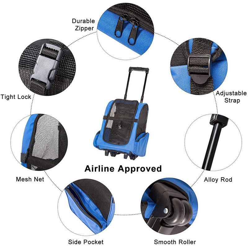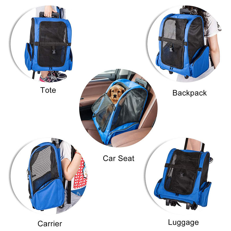 Style classique Pet Voyage Roulant Sac À Dos Solide Oxford Matériel Fermeture À Glissière Respirant Pliable Caisse Chien Transporteur Roues
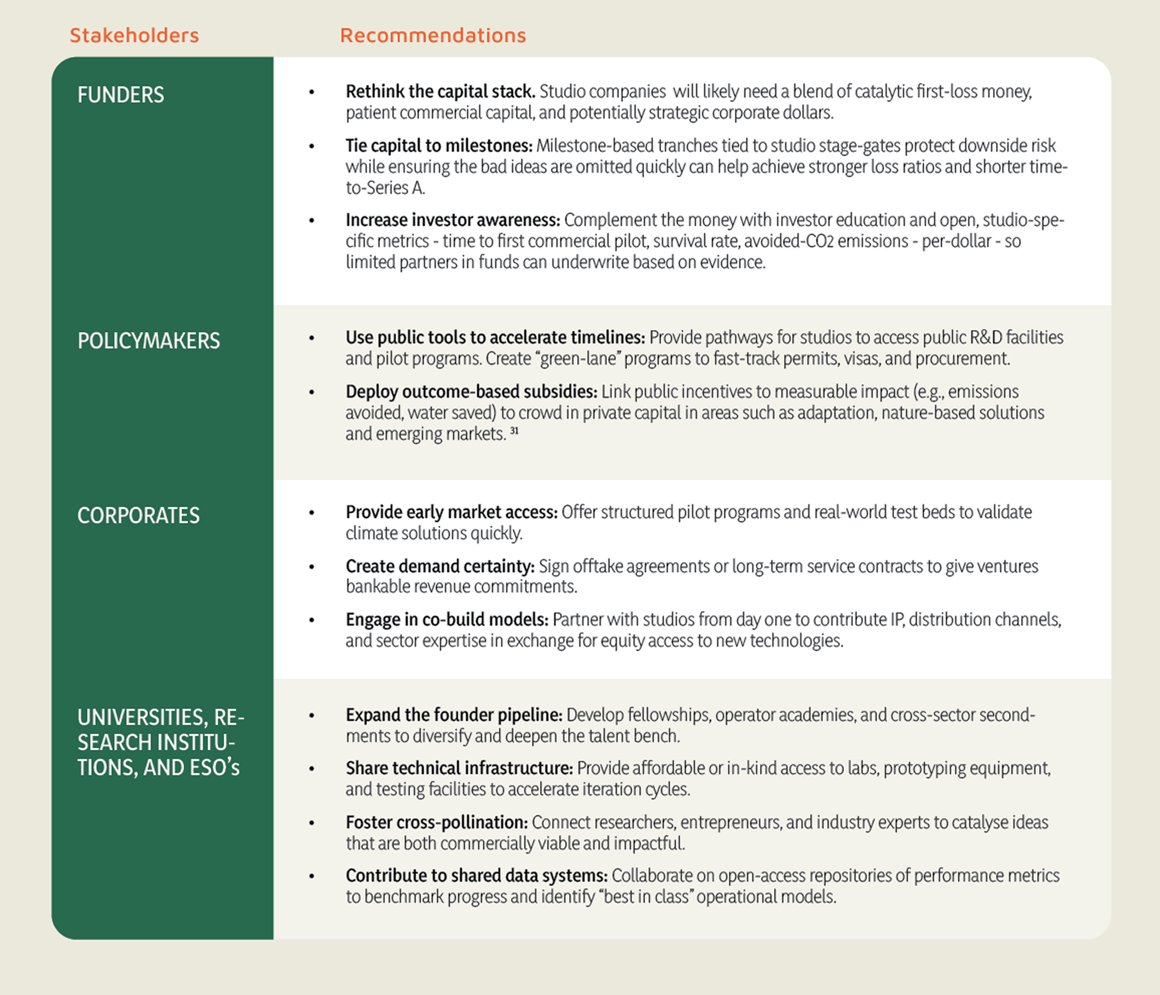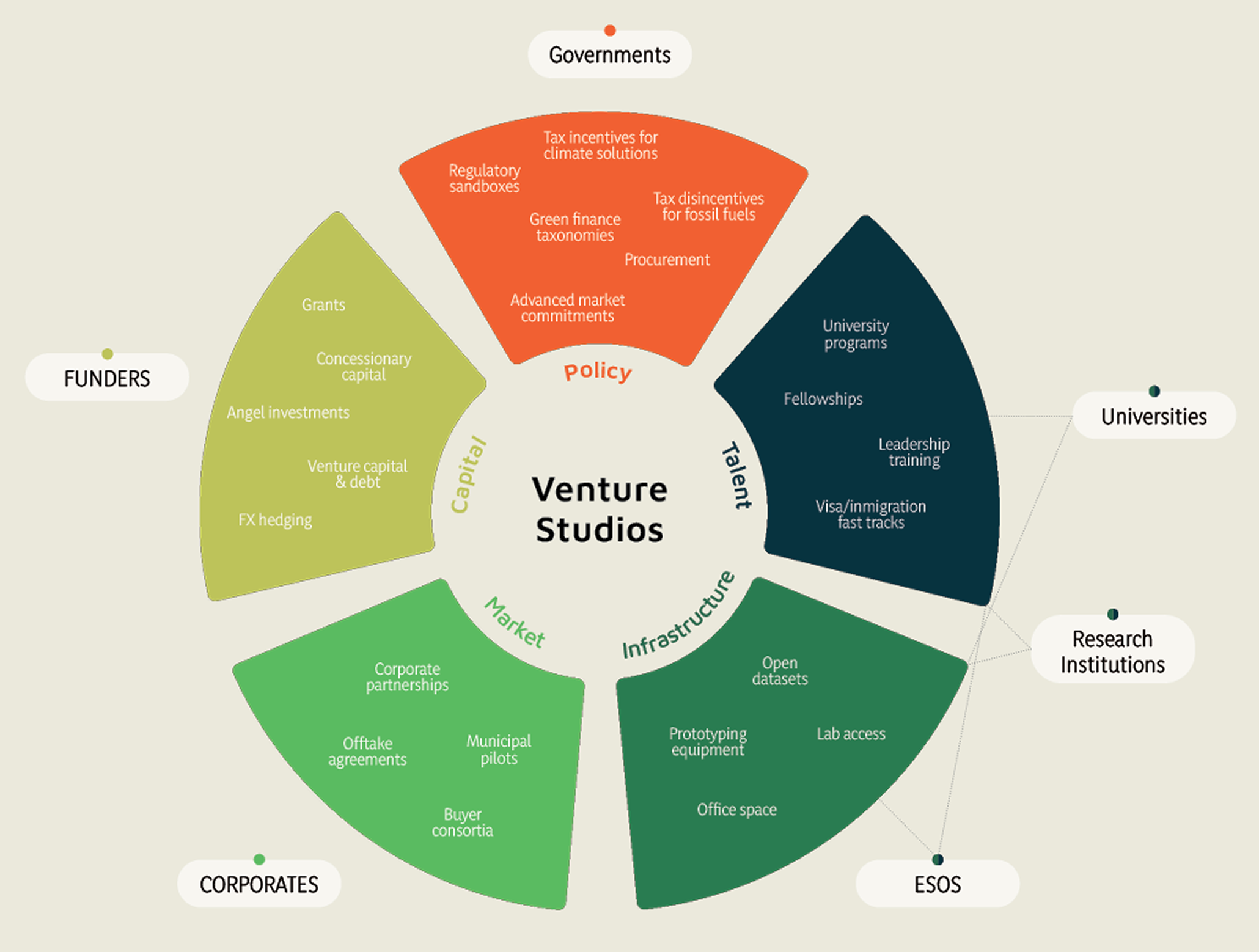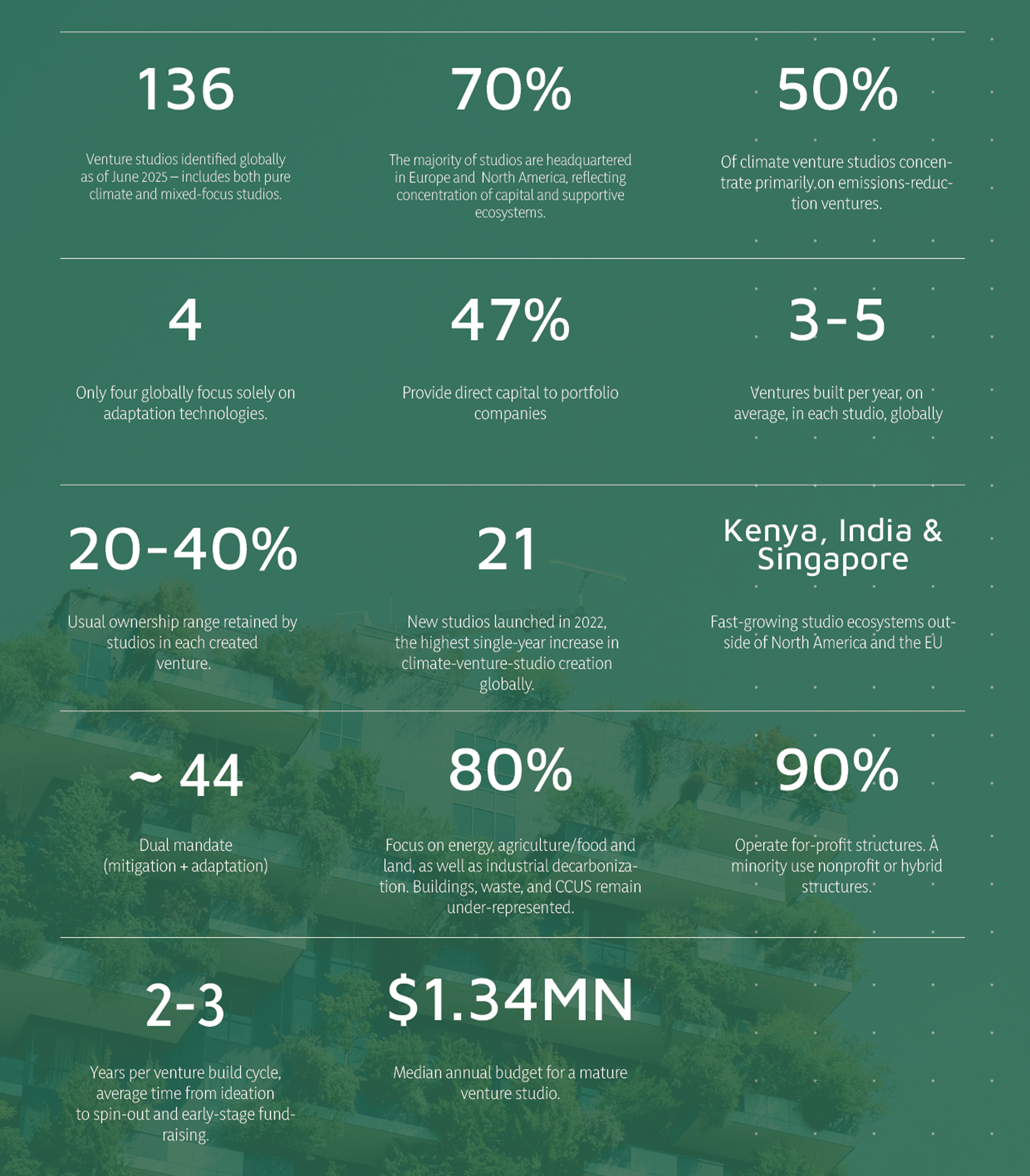 This report provides a critical overview of climate ventures studio activity to date, mapping out the different models that studios are using to create new companies globally, as well as the challenges they are facing in addition to the new opportunities to investment, partnership and impact that they enable. To undertake this study we interviewed 46 climate innovation experts from across venture studios, corporations, funds, accelerators and universities to understand the different processes, challenges and opportunities. Additionally, we mapped the current global landscape of climate-focused venture studios and built a database of 136 organizations that use at least some element of a studio approach.
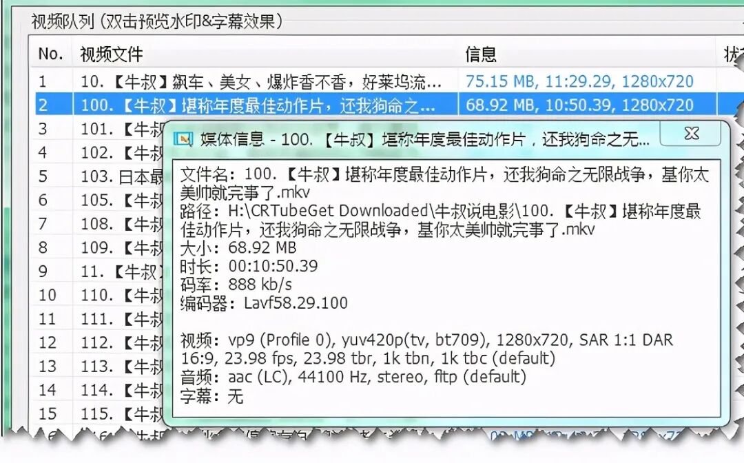 之后,视频被导入列表中,并显示其相关信息:
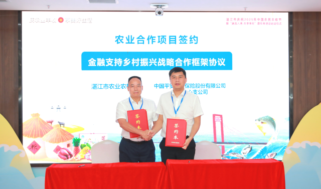 近年来,湛江深入推进“百千万工程”,大力发展特色优势农业,大力推动海洋渔业转型升级。在现场,湛江市农业农村局与中国平安财产保险股份有限公司湛江中心支公司签订金融支持乡村振兴战略合作框架协议,政府部门与金融机构间强化合作,携手共赢。
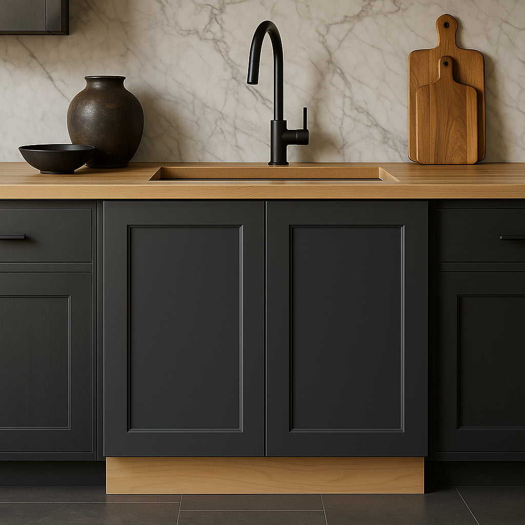 - Sleek Design: Features Shaker-inspired doors with a flat recessed center panel finished in deep onyx.
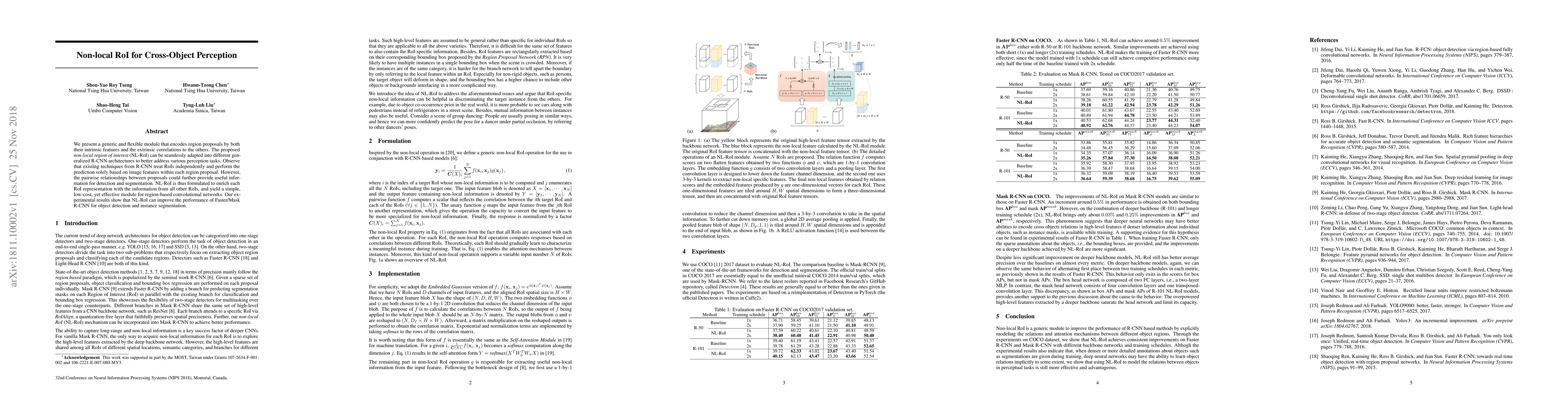 This research introduces a novel non-local region of interest (NL-RoI) module that enhances region proposals by incorporating both intrinsic features and extrinsic correlations with other regions. This module can be integrated into various generalized R-CNN architectures to improve perception tasks, offering a simple yet effective method to leverage pairwise relationships between region proposals for better detection and segmentation.
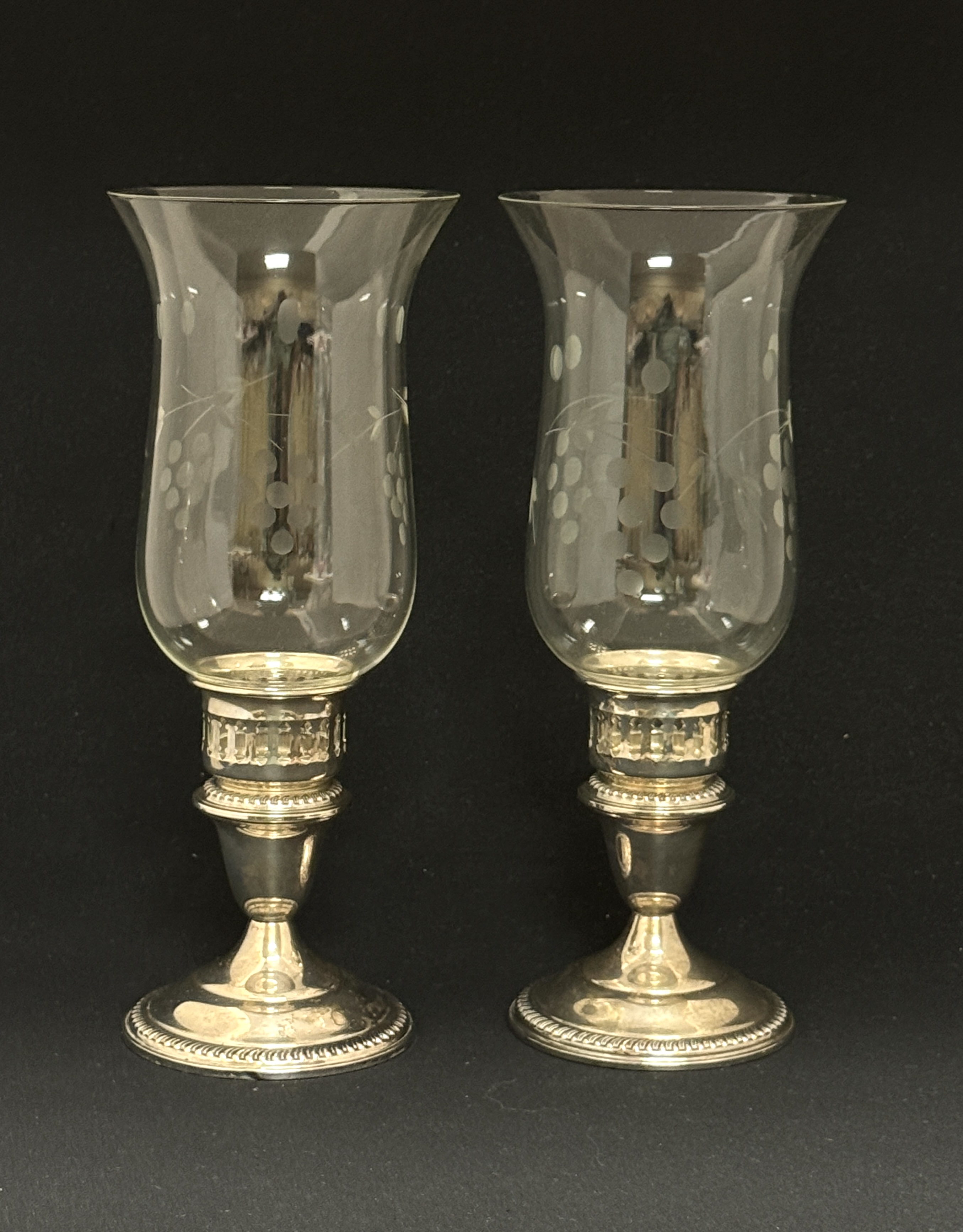 2 etched crystal hurricane globes with sterling silver metal bases; ht. 9 3/4″. CONDITION: no chips, cracks, repairs, or material defects found, Jaremos attempts to call any material flaw that affects the price, but minor scratches and color variances are inherent to glass and antiques.

________________________

• Work item: Take the line containing "This research introduces" as the first and the last line of the records as the end. Print every line in that span exactly, leaving out pictures.

• Task output:
 This research introduces a novel non-local region of interest (NL-RoI) module that enhances region proposals by incorporating both intrinsic features and extrinsic correlations with other regions. This module can be integrated into various generalized R-CNN architectures to improve perception tasks, offering a simple yet effective method to leverage pairwise relationships between region proposals for better detection and segmentation.
 2 etched crystal hurricane globes with sterling silver metal bases; ht. 9 3/4″. CONDITION: no chips, cracks, repairs, or material defects found, Jaremos attempts to call any material flaw that affects the price, but minor scratches and color variances are inherent to glass and antiques.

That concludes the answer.